Five thousand years ago, sheep and cattle herders migrated westward from Asia to Europe, bringing with them their pastoral way of life — and a higher genetic risk for multiple sclerosis, according to a new study of DNA from thousands of ancient and present-day people, Carolyn Y. Johnson reported for The Washington Post.
There are about twice as many cases of multiple sclerosis per 100,000 people in north-western Europe, including the UK and Scandinavia, compared with southern Europe.
Writing for BBC News, Philippa Roxby also noted that there are about twice as many cases of multiple sclerosis per 100,000 people in north-western Europe, including the UK and Scandinavia, compared with southern Europe.
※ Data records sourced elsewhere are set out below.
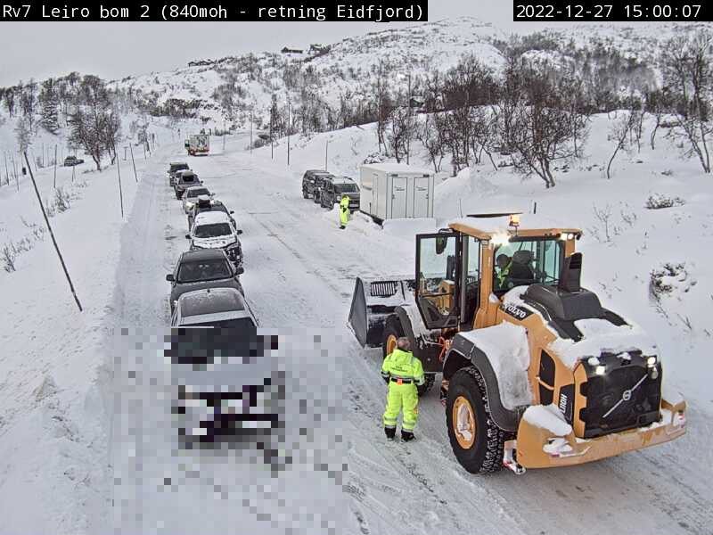 Riksvei 7 over Hardangervidda har vært stengt, men er åpnet for kolonnekjøring.
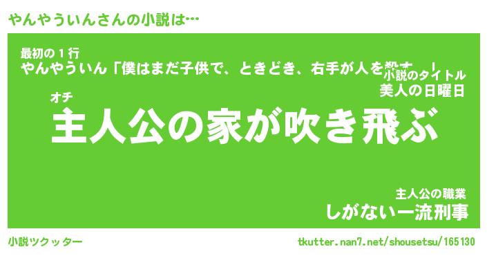 やんやういんさんの小説は… オチ『主人公の家が吹き飛ぶ』最初の1行『やんやういん「僕はまだ子供で、ときどき、右手が人を殺す。」』主人公の職業『しがない一流刑事』 ツクッター #小説ツクッター http://tkutter.nan7.net/shousetsu/165130/
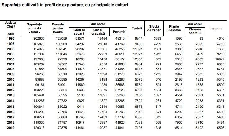 Față de 1990, suprafața agricolă a județului Cluj s-a înjumătățit în prezent, foarte multe terenuri fiind abandonate sau au ajuns pe mâna dezvoltatorilor imobiliari. Cu toate acestea, dacă ne uităm la anii 2008 - 2011, când a fost ultima criză financiară, vedem că atunci lucrurile au stat chiar mai rău decât în prezent.
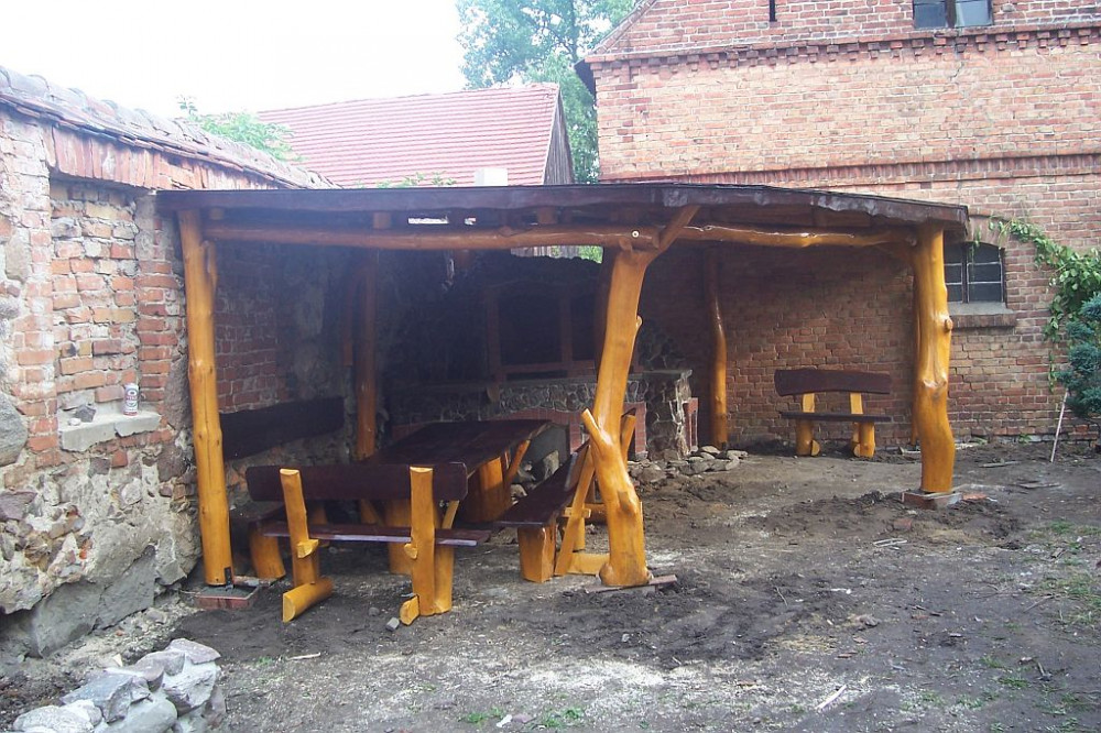 1. Elementy altany wykonane z pni drzew korowanych, suchych, wyszlifowanych, zaimpregnowanych.
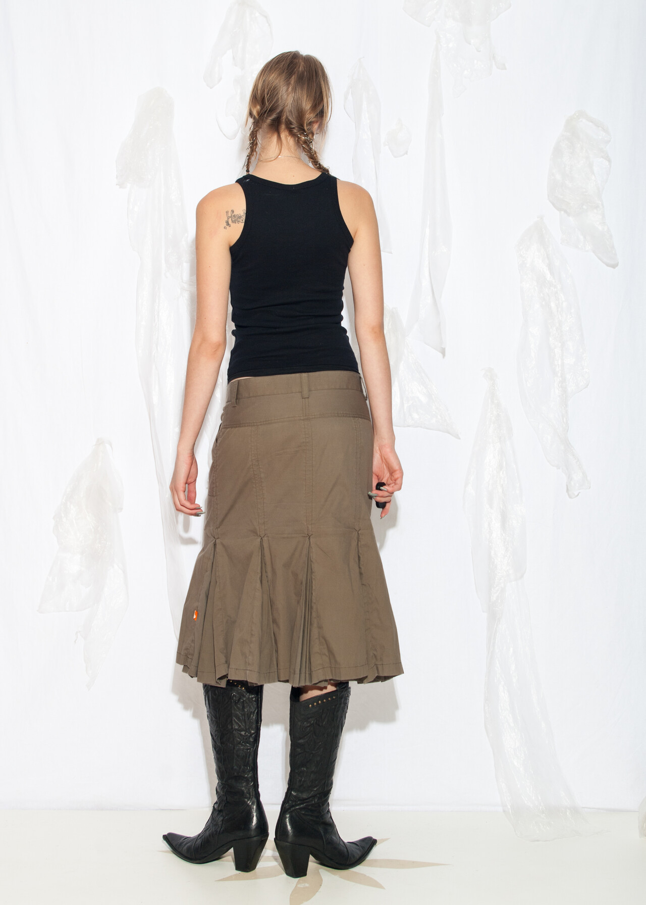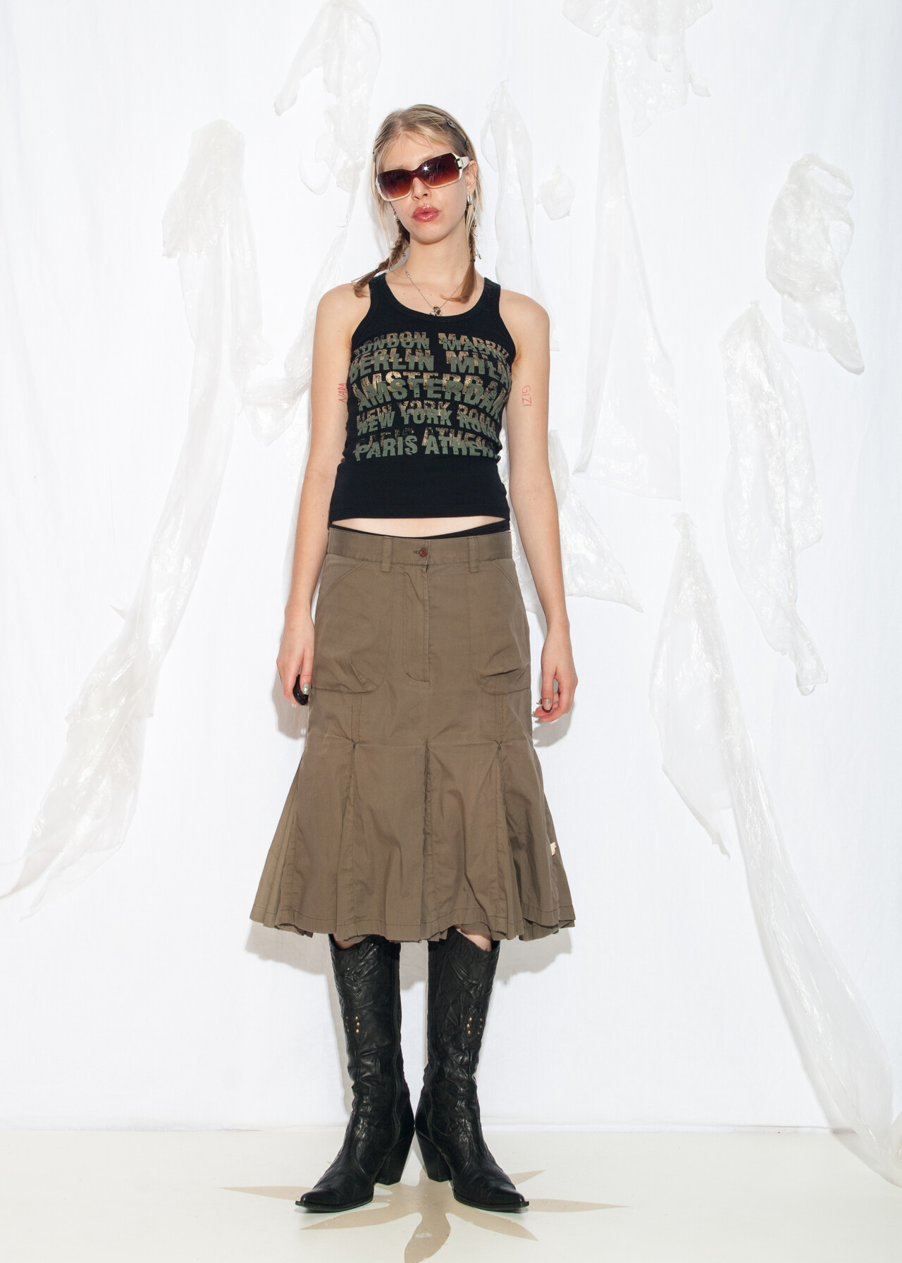 Tags: 2000s style clothing, cotton midi skirt, cyber grunge outfit, frilly skirt, khaki cargo, low rise bottom, low waisted skirt, whimsigoth aesthetic, y2k vintage fashion
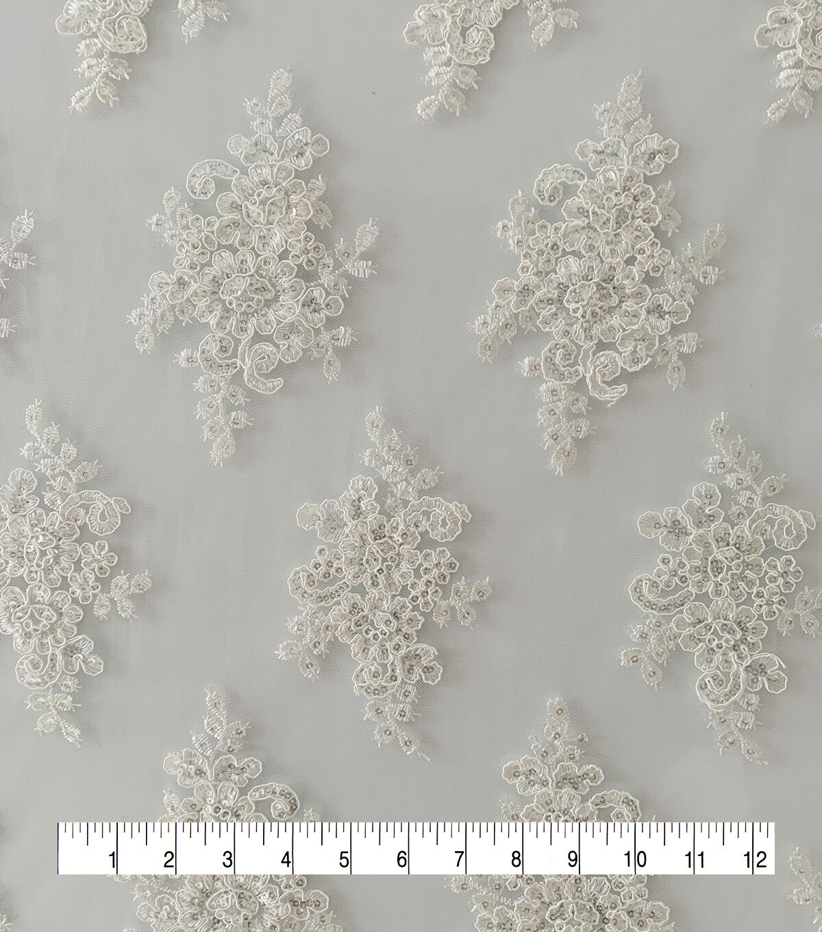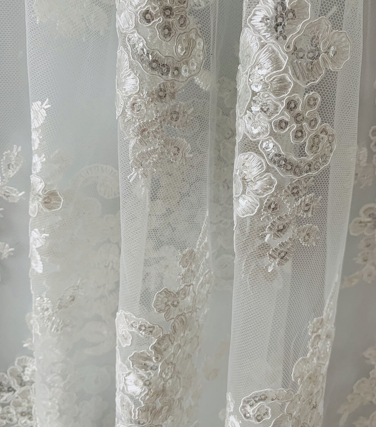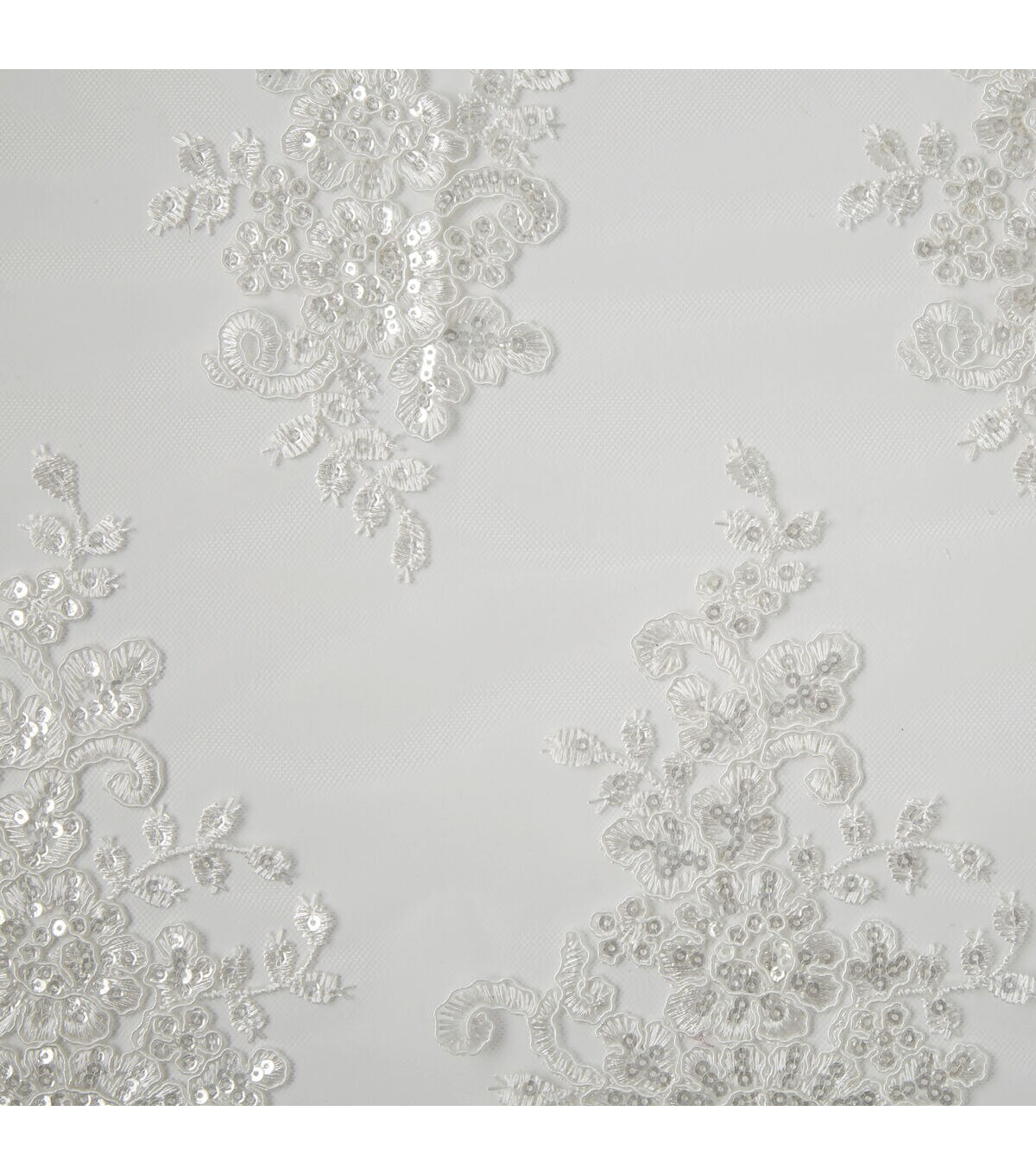 Our white mesh fabric adds big sequined designs on transparent background for wedding accents. Made of 100% Polyester, this material is durable and breathable so you don't have to worry about any wardrobe malfunctions and simply look your beautiful best. It's all eyes on you for the big day, and our bridal fabrics are here for you to stun the crowd.

Researchers from the universities of Cambridge, Copenhagen, and Oxford discovered that genes that increase the risk of MS entered northwestern Europe about 5,000 years ago via a massive migration of cattle herders called Yamnaya from western Russia, Ukraine, and Kazakhstan, moving west into Europe, according to one of four Nature journal papers published on the topic.
Another Nature paper uncovered even more clues about our genetic past – that the Yamnaya herders could also be responsible for north-western Europeans being taller than southern Europeans.
And while northern Europeans carry more genetic risk for MS, southern Europeans are more likely to develop bipolar disorder, and eastern Europeans more likely to have Alzheimer's disease and type 2 diabetes.
DNA from prehistoric hunter-gatherer people raises the risk of Alzheimer's, but ancient farmers' genes are linked to mood disorders. It also discovered that humans' ability to digest milk and other dairy products and survive on a vegetable-heavy diet only emerged about 6,000 years ago. Before that, they were meat-eaters.